「ROADRUSH」さんのページ

総レビュー数: 4レビュー(全て表示) 最終投稿: 2010年10月02日

このキン肉マン単体を一気に読むとなかなか評価は厳しいかも。
しかし、現在までの格闘漫画へ与えた影響度は計り知れず。
「北斗の拳」よりも大きいです。
ただ、この作品も作者は7人の悪魔超人編くらいまでで終わらせるつもりだったんだろうね。
日本の文化に影響を与えるくらいの人気になり、ジャンプにしても金のなる木ということで無理やり描かせた結果、かなりの無茶な話になってしまった。
それでも毎週連載の形態では毎回楽しみを与えてくれる魅力はあったんですよ。
連載物は単行本で一発で読むのとは違うワクワク感を与えてくれるものですが、「次回はどうなるのか!?」という引きが実にうまかったんです。
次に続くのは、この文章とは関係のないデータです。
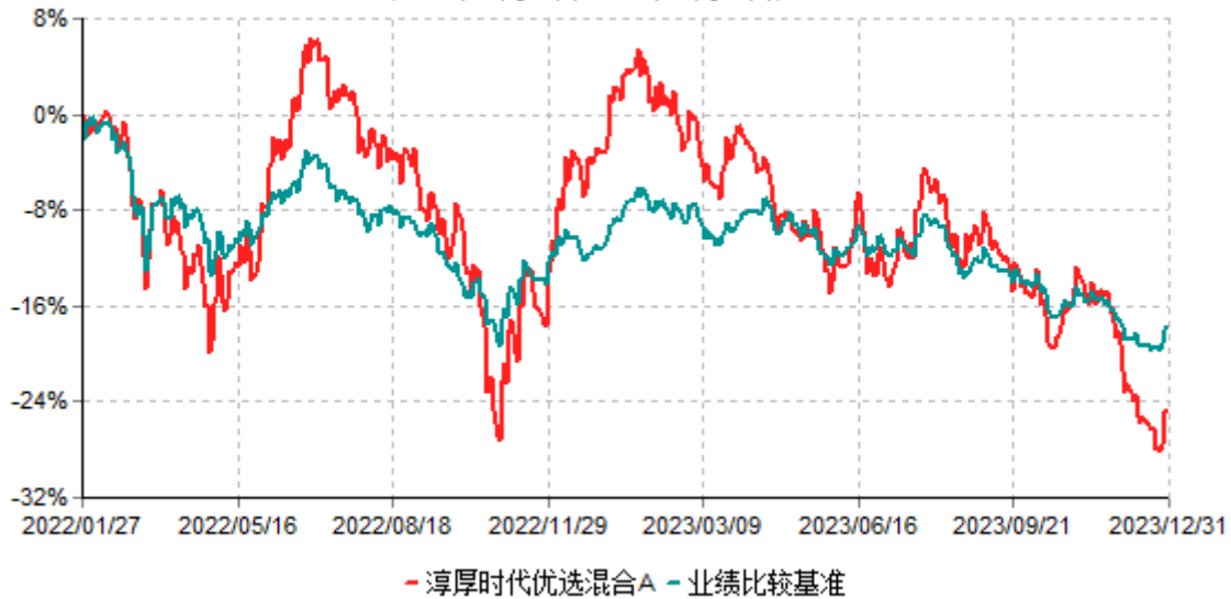
淳厚时代优选混合A累计净值增长率与业绩比较基准收益率历史走势对比图 (2022年01月27日-2023年12月31日)

注：本基金基金合同生效日为2022年1月27日。按基金合同规定，本基金自基金合同生效起6个月内为建仓期。建仓期结束时本基金的各项投资比例均符合基金合同约定。

もうひとつ、このキン肉マンで、ジャンプのヒットパターンが生まれてしまいます。

最初はギャグ漫画でも何でも作者に好きなように描かせる。
その後は編集部が作者に命じて敵を出させる。
倒したらもっと凄い敵を出す・・・といった具合。
そして作者はひたすら戦闘描写のみ描きつづけなくちゃならなくなる。飽きられるまで。

過去の「巨人の星」「リン賭け」などでもその傾向はありましたが、キン肉マンの実験的試みがあまりにも素晴らしい成功をもたらしたため、その後のジャンプのマニュアルになってしまったのですね。
「幽々白書」や「とっても!ラッキーマン」などまさにそのパターンで、あとは作者がそのパターンを命じられ、ストーリーの自由がない中、いかに楽しませるかという勝負になっていきます。
キン肉マン単体には厳しい評価もあるかもしれませんが、日本の漫画文化そのものに与えた影響は凄まじいものがあると思います。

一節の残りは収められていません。